ARTARENA is an "art film museum" planned for Sunderland in northeast England. It is intended to show items from the Roland Collection of Films on Art on 45 screens; visitors will wander between them wearing headphones that switch to the appropriate soundtrack.

The original concept called for a futuristic €35m building in London. This gave way to a £2m reconstruction of the West Park United Reformed church on Stockton Road in Sunderland, which is planned to open in April 2012. Visitors will pay a small fee to get in and then rent headphones by the hour; over 160,000 are expected in the first year.

Concept
The term “artarena” is the contraction of two words, art and arena (meaning sand, from the original sand ground of arenas in Ancient Greece).

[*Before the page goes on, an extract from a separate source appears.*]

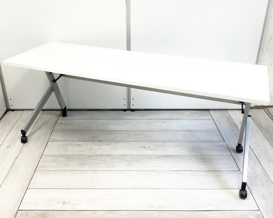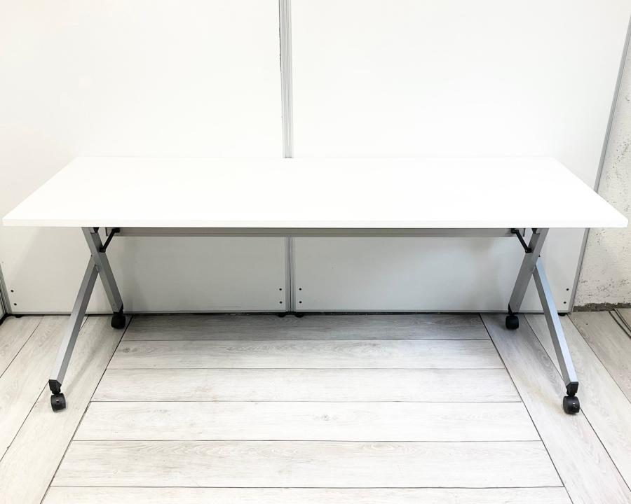 【折りたたみ収納が秀逸!スタイリッシュなデザインで高品質!】■ウチダ(UCHIDA)製 プラッテ(PLATTE)シリーズ サイドスタックテーブル W1500×D450㎜ ■キャスター付 ■ホワイト

The Art Arena is a large and opened gallery space, which has the specificity to present art films about classical and contemporary art forms and not physical artworks. The films presented are extracted from the Roland Collection, a collection of films and documentaries that have been collected over a 30 years period by Anthony Roland. The design of the Art Arena includes many projection alcoves that are playing simultaneously. With the use of geolocalized wireless headset technology, the visitors can move freely through the projection spaces and experience each film, by only hearing the projection which they are viewing. This device allows the removal of space dividers such as acoustical walls between the projection spaces.

History
The Art Arena concept of a cultural space was originally developed in 2002 by art film collector Anthony Roland and architect David Serero. The initial plan for an "Art Arena Roland Museum" was for a futuristic €35m complex in London combining exhibition space, film storage, and over forty projection spaces.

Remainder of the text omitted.